Dataset records>
* * * *
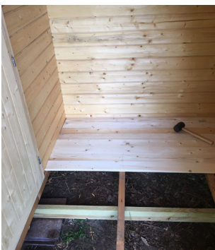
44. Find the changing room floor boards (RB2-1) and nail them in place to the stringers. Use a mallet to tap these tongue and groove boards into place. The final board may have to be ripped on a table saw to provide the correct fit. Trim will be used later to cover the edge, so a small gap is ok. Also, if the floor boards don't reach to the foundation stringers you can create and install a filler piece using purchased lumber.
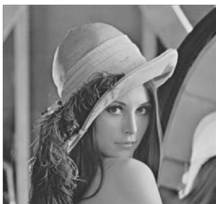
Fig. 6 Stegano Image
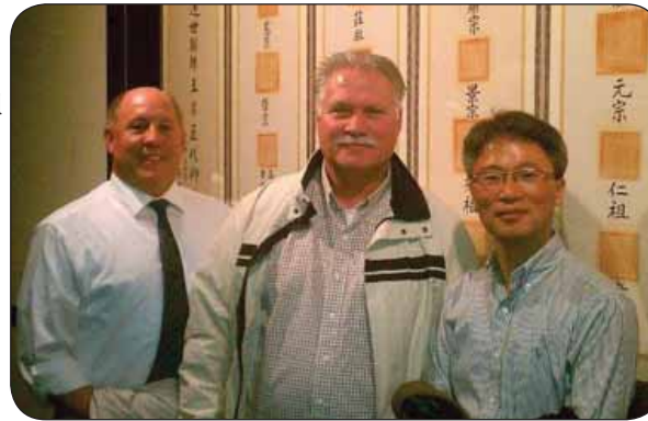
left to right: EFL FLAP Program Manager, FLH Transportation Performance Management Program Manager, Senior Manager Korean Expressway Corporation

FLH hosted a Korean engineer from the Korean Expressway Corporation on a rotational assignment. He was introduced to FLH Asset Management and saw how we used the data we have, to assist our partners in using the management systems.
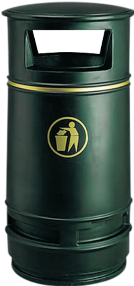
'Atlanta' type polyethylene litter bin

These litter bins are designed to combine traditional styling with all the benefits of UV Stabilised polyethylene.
* * * *
Exercise goal>
Every line of the data above that includes "Expressway" should be listed.

Answer to this problem>
left to right: EFL FLAP Program Manager, FLH Transportation Performance Management Program Manager, Senior Manager Korean Expressway Corporation
FLH hosted a Korean engineer from the Korean Expressway Corporation on a rotational assignment. He was introduced to FLH Asset Management and saw how we used the data we have, to assist our partners in using the management systems.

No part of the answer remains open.